There are many scenarios under which a patient’s classification ought to change: if new information updates or alters the prediction algorithm or if the raw, biological patient data itself changes. The case we would like to explore is when the gene signature and prediction algorithm are ‘locked down’ and when there is no biological variation in the patient data. We are concerned with how much data transformation due to pre-processing and normalization affects classification. It is our assertion that steps taken to transform patient data for the purposes of applying a prediction algorithm should not alter the patient’s eventual classification.

Some normalization methods (Bengtsson et al., 2008; McCall et al., 2010; Piccolo et al., 2012) and some batch correction methods (Leek et al., 2012; Parker et al., 2014) have addressed this issue by normalizing each sample against a fixed, or ‘frozen’, set of representative samples. Unfortunately, these approaches can be applied only to specific platforms where large numbers of representative samples have been collected. This is especially relevant when custom chips are designed, as is the case in many clinical applications. There remain a large range of platforms for measuring gene expression in use by researchers (Barrett et al., 2013), and single sample normalization methods are not currently available for many of these platforms. Additionally, methods such as quantile normalization and other forms of data scaling and transformation have become well known in the field and are often applied as standard steps in a data processing pipeline.

Even if single sample normalization methods were universally available, public measures of gene expression are frequently pre-processed using a range of methods for cleaning, normalization and analysis, resulting in a range of expression values for the same gene across different platforms (Allison et al., 2006). A more tractable solution is to build gene signatures that do not rely on raw gene expression values. We propose using the ranks of genes instead of their raw expression values under the assumption that any transformation applied to the data is rank-preserving.

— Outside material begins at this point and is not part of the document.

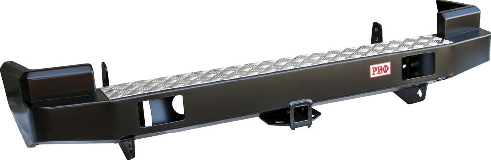 Задний силовой бампер РИФ надежно защитит кузов автомобиля на бездорожье или в городе в случае непредвиденных инцидентов. Бампер оборудован упорами под хай джек и буксирными проушинами для работы с рывковой или буксировочной стропой.

As a concrete example, we focus on the PAM50 signature for breast cancer subtyping (Parker et al., 2009), which is used to assign patients with breast cancer to one of five molecular subtypes: Basal, Luminal A, Luminal B, Her2 and Normal. We show that when the number of patients in the test set changes, the predictions for a single patient may change dramatically. We also show that variation in patient populations being predicted upon leads to test set bias. Interestingly, PAM50 can be easily modified into a rank-based signature. We show that predictions from rank-based PAM50 are comparable to those from standard PAM50 and that predictions from rank-based PAM50 are invariant to test set bias.

Test set bias is a failure of reproducibility of a genomic signature. In other words, the same patient, with the same data and classification algorithm, may be assigned to different clinical groups. A similar failing resulted in the cancellation of clinical trials that used an irreproducible genomic signature to make chemotherapy decisions (The Cancer Letter, 2011). The implications of a patient’s classification changing due to test set bias may be important clinically, financially and legally. In the example of PAM50, a patient’s classification could affect a treatment or therapy decision. In other cases, an estimation of the patient’s probability of survival may be too optimistic or pessimistic. The fundamental issue is that the patient’s predicted quantity should be fully determined by the patient’s genomic information, and the bias we will explore here is induced completely due to technical steps.

2 Materials and Methods

2.1 Study population and data

We collected and curated gene expression microarray data representing 28 independent studies (Haibe-Kains et al., 2012). These datasets spanned 15 different proprietary platform types and a variety of platform versions and included a range of commercial and private manufacturers, spanning Affymetrix, Illumina and Agilent as well as custom arrays. The data were collected from the Gene Expression Omnibus (Barrett et al., 2013), ArrayExpress (Parkinson et al., 2007), The University of North Carolina at Chapel Hill database (UNCDB), Stanford Microarray Database (SMD) and Journal and Authors’ websites. Metadata were manually curated as previously described (Haibe-Kains et al., 2012). Experiments ranged from 43 to 1992 patients, with a median of 131 patients and a total of 6297 patients (Table 1).

Table 1.

Baseline characteristics of curated dataset

Characteristic Summary
N 6297
Age (years) 57.29 (13.42)
RFS (years) 7.22 (4.86)
Tumor size (cm) 2.52 (1.43)
Node
 + 1871
 – 2857
 NA 1569
Gradea
 1 525
 2 1642
 3 2226
 NA 1904
ER
 + 3635
 – 1556
 NA 1106
PGR
 + 766
 – 656
 NA 4875
Her2
 + 496
 – 1437
 NA 4364
Subtypeb
 Basal 1254
 Her2 927
 LumA 2007
 LumB 1813
 Normal 296

Her2, human epidermal growth factor receptor 2 status; node, whether or not cancer has spread to lymph nodes; PGR, progesterone receptor status; RFS, recurrence-free survival time. Age, RFS and tumor size are given as means with standard deviations.

aBecause of the ambiguity of grade 2, we chose to build all prediction models for grades 1 and 3 only.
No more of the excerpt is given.